Task instructions: Which lines belong in your copy? Those from the start of the data through the line with "一応さらっとプレイしてみたが", exactly as written, without any pictures.

Supplied information:
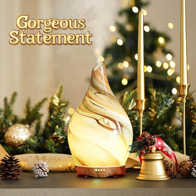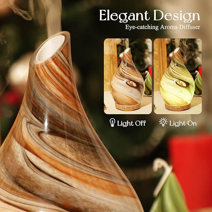 - UNIQUE ART DECORATIVE DESIGN - Our 280ml glass essential oil diffuser has an elegant starry pattern glass cover and wood grain decorative base. It is very suitable for your bedroom, living room, children's room, study room, office, and yoga room.
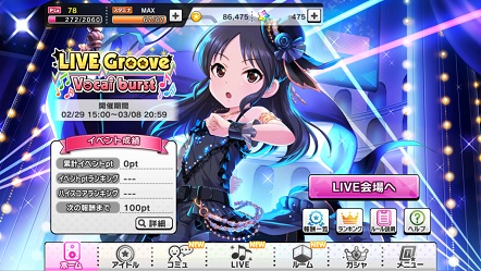一応さらっとプレイしてみたが、今回のボーダーどうなるんだろうねえ…でも私は基本ジュエルもドリンクもほぼ使わないでも自然回復のみでも100000位は入れるのでこれで行こうと思う。それとGrooveだと最後の追い込みもかなり難しいのでスタートダッシュが非常に重要。
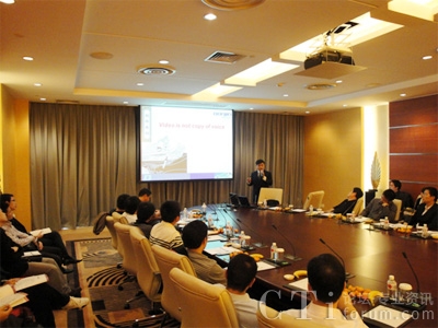 東進(jìn)Keygoe產(chǎn)品經(jīng)理劉駿先生是本次活動(dòng)當(dāng)之無(wú)愧的頂梁柱,活躍在沙龍活動(dòng)的每一站。他對(duì)3G通信市場(chǎng)進(jìn)行了深入淺出的分析,借鑒國(guó)外成功的案例經(jīng)驗(yàn),并對(duì)中國(guó)可能的熱點(diǎn)業(yè)務(wù)做出東進(jìn)的預(yù)測(cè),即在將來(lái),手機(jī)上網(wǎng),視頻點(diǎn)播,定位服務(wù)以及下載服務(wù)可能成為熱點(diǎn),同時(shí),重點(diǎn)列舉和分析了東進(jìn)在3G業(yè)務(wù)應(yīng)用的探索成果和經(jīng)驗(yàn)。會(huì)中對(duì)將視頻功能嵌入到“3G總機(jī)一號(hào)通”這類應(yīng)用的描述,非常引人入勝,尤其讓人注意的是,他認(rèn)為3G視頻在將來(lái)不會(huì)作為一個(gè)單獨(dú)的業(yè)務(wù)而存在,而公眾業(yè)務(wù)并沒(méi)有如預(yù)期般成為主流。此外,以國(guó)慶60周年閱兵空中梯隊(duì)現(xiàn)場(chǎng)指揮調(diào)度系統(tǒng)應(yīng)用為例,對(duì)行業(yè)呼叫中心的成功案例分享以及重點(diǎn)行業(yè)的前景預(yù)測(cè)分析也給客戶留下很深刻的印象。劉駿表示,對(duì)于正進(jìn)入新格局的市場(chǎng),多媒體交換機(jī)正愈加凸顯其多媒體處理性能,并加速與其他通信系統(tǒng)的融合,而理解客戶的需求,成為重中之重。

Result of the exercise:
 - UNIQUE ART DECORATIVE DESIGN - Our 280ml glass essential oil diffuser has an elegant starry pattern glass cover and wood grain decorative base. It is very suitable for your bedroom, living room, children's room, study room, office, and yoga room.
一応さらっとプレイしてみたが、今回のボーダーどうなるんだろうねえ…でも私は基本ジュエルもドリンクもほぼ使わないでも自然回復のみでも100000位は入れるのでこれで行こうと思う。それとGrooveだと最後の追い込みもかなり難しいのでスタートダッシュが非常に重要。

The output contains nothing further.